Carrot ETL Guide

Welcome to the Carrot’s Data Engineering Procedure for OMOP representation.

The Carrot’s Data Engineering Process for OMOP standard vocabulary process primarily consist of Data Pre-processing, Metadata Profiling and Metadata Mapping.

The following document sets the Standardised Operating Procedure (SOP) that must be followed and applied during the engineering of data for conversion to an OMOP representation.

Figure 1 illustrates the 3 main data engineering stages and the associated software tools that are used, this process is commonly known as an Extract, Transform and Load (ETL) process.

⚠️

This document only covers the ‘Extract and Transform’ sections of an ETL process as per the Figure below.

ETL Process Diagram

Figure 1: The stages of Health Informatics Data Engineering.

Data Engineering Overview

Figure 2 portrays the high-level view of the 3 stages and the main processes they are comprised of:

  • Stage 1: Data Pre-processing

The pre-processing stage focuses on the ‘important attributes’ of a dataset that need to be mapped to the OMOP Common Data Model for discoverability.

A meeting with the dataset owner is necessary to understand the context and select the key data attributes to be made discoverable. From this a subset of the data is then anonymised by the data owner and refactored (reorganised), producing a pre-processed dataset. This is then reviewed by the data owner to determine if it is fit for purpose and is fully anonymised.

The output of Stage 1 is an anonymised dataset ready for profiling together with a formatted data dictionary.

  • Stage 2: Metadata Profiling

The metadata profiling stage assesses the structure of a pre-processed dataset.

The pre-processed dataset is loaded into the OHDSI White Rabbit tool, this produces a statsitical profile of the data called a ‘Scan Report’ that further de-identifies data by removing the relationships between data attributes.
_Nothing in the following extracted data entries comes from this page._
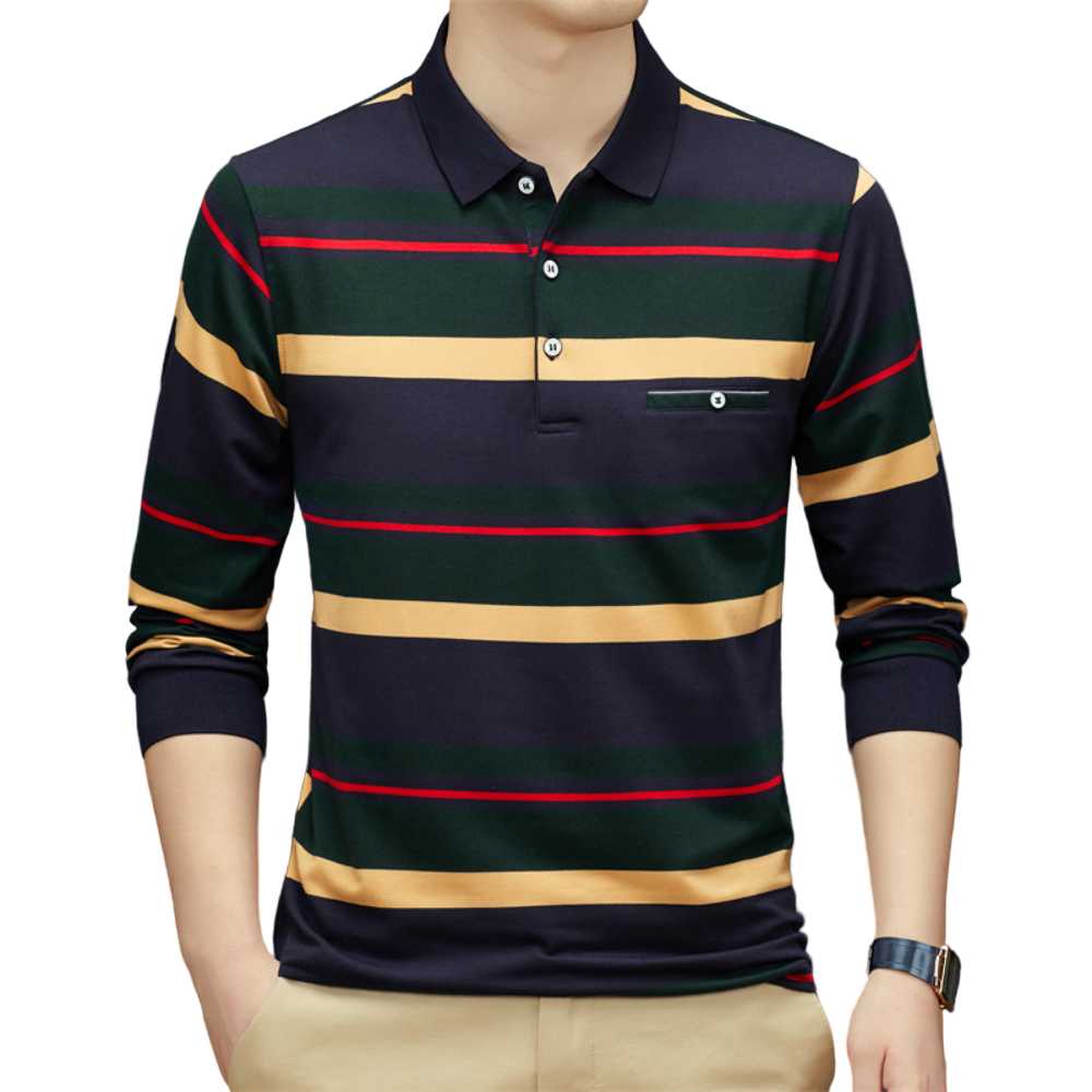 Oppdag den perfekte kombinasjonen av stil og komfort med vår herre langermet t-skjorte med striper. Denne skjorten er ideell for både hverdagsbruk og avslappede stunder hjemme.
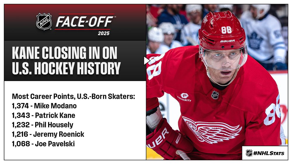 Veteran Red Wings forward Patrick Kane will make his season debut with a couple of big milestones on the horizon in 2025-26. Kane needs eight tallies to become the fifth U.S.-born player in NHL history to reach the 500-goal milestone and 32 points to surpass Mike Modano (1,374) as the highest-scoring U.S.-born player in NHL history. Modano has held the mark since passing Phil Housley on Nov. 7, 2007.
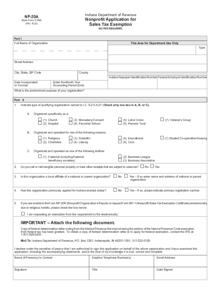 Application for nonprofits in Indiana seeking sales tax exemption status.
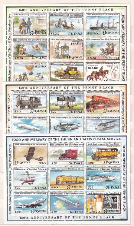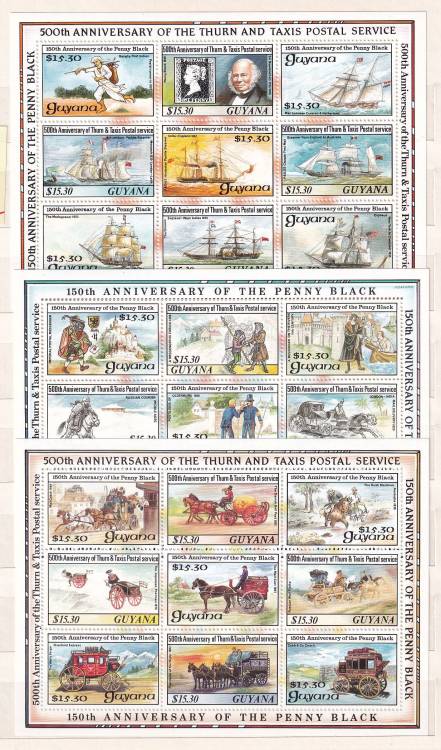 1990, Guayana, PL3099/3152, 500 let Thurn-Taxiské pošty; 150 let poštovní známky ✶✶

This is then checked to ensure that the data has been rigorously anonymised.

The output of Stage 2 is a Verified Scan Report spreadsheet.

  • Stage 3: Metadata Mapping

The metadata mapping stage takes the dataset attributes and maps them to OHDSI OMOP Common Data Model for discoverability.

Individual dataset attributes are mapped to ‘Standard’ OMOP terms (e.g., these could be from SNOMED CT, RxNORM or LOINC controlled international standardised healthcare vocabularies), this process creates rules. The resultant rule set is then reviewed for correctness and completeness.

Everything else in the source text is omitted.